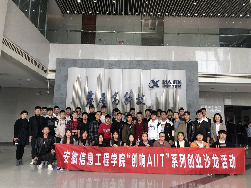 为提高我校大学生创业信心,坚定创业意志,开拓创业视野,2019年11月8日,我校大学生创新创业管理服务中心与通识教育与外国语学院联合组织大学生创业团队代表前往母公司---科大讯飞总部参观学习考察讯飞创业文化和创业精神。此次活动由大学生创新创业管理服务中心左红娟老师、通识教育与外国语学院综合素质教研室副主任陈巧巧和周启航老师带队,部分创业学生代表共计41人参加。图为讯飞总部集体合影 上午8:30点,参观团队准时从新芜校区出发,乘坐校车前往科大讯飞。经过3小时的车程,于11:30准时抵达目的地。讯飞智慧城市运作支持部综合服务部李菲老师全程负责此次参观的接待与讲解工作。按既定行程,同学们首先在科大讯飞食堂就餐,在午餐休息后,同学们在讲解员的带领下参观了科大讯飞展厅,然后走进科大讯飞智能化的会议室,聆听了科大讯飞的企业文化、发展历程、经营状况、核心技术以及今后的发展趋势的报告,随后陈巧巧老师就创新创业教育结合本次参观考察讯飞“成就客户、创新、坚守、团队协作、简单真诚、专业敬业、担当奋进”的企业文
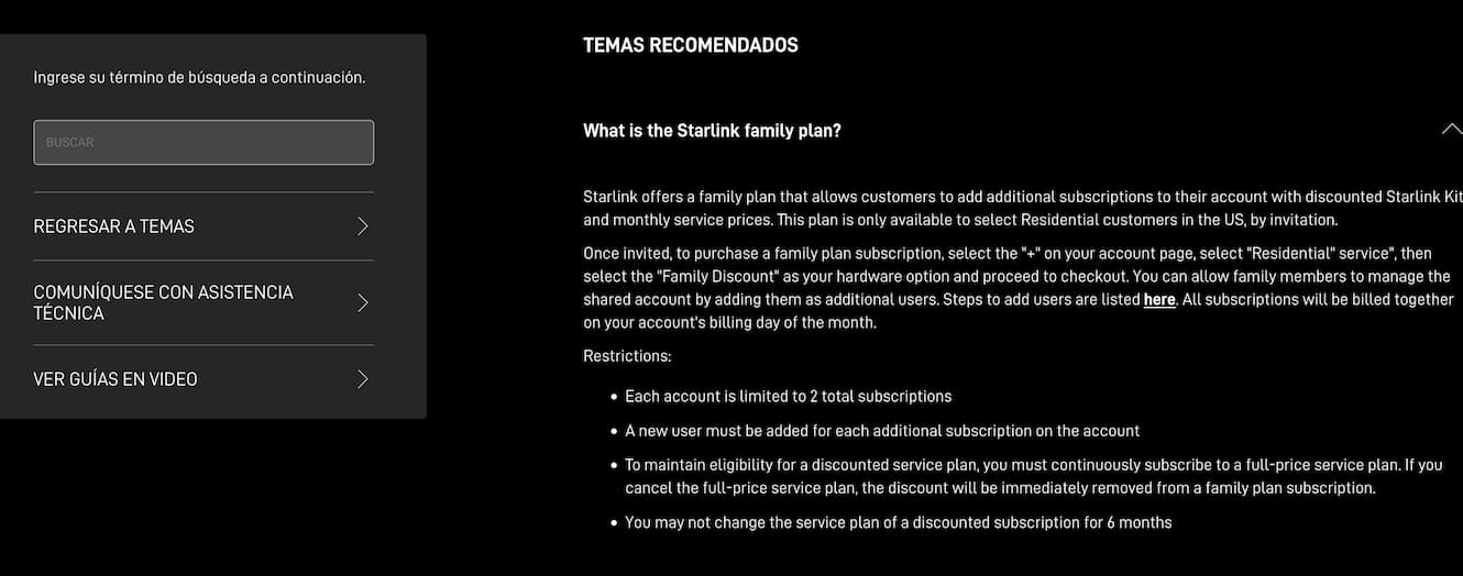 De momento, este plan familiar ha salido a la luz en Estados Unidos, donde Starlink suele poner en marcha sus iniciativas primero antes de llevarlas a otros mercados. Vemos la información incluida ya en el apartado de Asistencia al cliente de su web, por lo que se puede entender que la empresa está preparándose para el inminente lanzamiento del servicio.
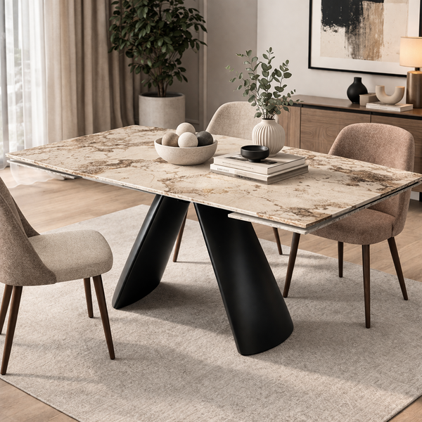 SANDRA extendable table in white-brown gloss ceramic and black matt base
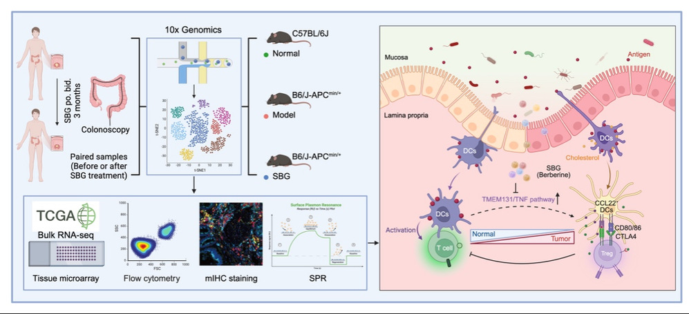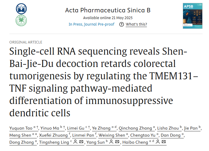 bevitor伟德国际1946官网程海波教授团队,联合南京大学孙洋教授团队、江苏省中医院凌亭生教授团队近日在Acta Pharmaceutica Sinica B(中科院一区,IF:14.7)期刊上发表题为“Single-Cell RNA Sequencing Reveals Shen-Bai-Jie-Du Decoction Retards Colorectal Tumorigenesis by Regulating the TMEM131-TNF Signaling Pathway Mediated Differentiation of Immunosuppressive Dendritic Cells”的最新研究成果,揭示了参白解毒方可通过调节TMEM131-TNF信号通路介导的免疫抑制性树突状细胞的分化进而阻止结直肠腺瘤癌变。
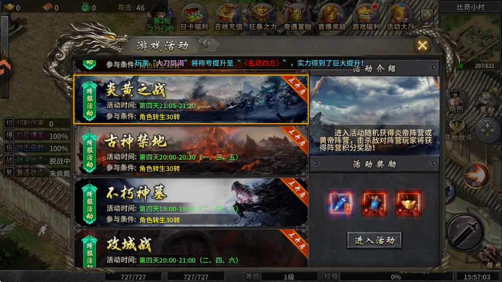 进入活动后随机分配至炎帝或黄帝阵营,击杀敌对阵营玩家可获得阵营积分奖励。

### What is needed
Retyping is limited to the line with "SANDRA extendable table" and the lines after it in the material above; give them exactly and leave out the pictures.

### Solved exercise
 SANDRA extendable table in white-brown gloss ceramic and black matt base
 bevitor伟德国际1946官网程海波教授团队,联合南京大学孙洋教授团队、江苏省中医院凌亭生教授团队近日在Acta Pharmaceutica Sinica B(中科院一区,IF:14.7)期刊上发表题为“Single-Cell RNA Sequencing Reveals Shen-Bai-Jie-Du Decoction Retards Colorectal Tumorigenesis by Regulating the TMEM131-TNF Signaling Pathway Mediated Differentiation of Immunosuppressive Dendritic Cells”的最新研究成果,揭示了参白解毒方可通过调节TMEM131-TNF信号通路介导的免疫抑制性树突状细胞的分化进而阻止结直肠腺瘤癌变。
 进入活动后随机分配至炎帝或黄帝阵营,击杀敌对阵营玩家可获得阵营积分奖励。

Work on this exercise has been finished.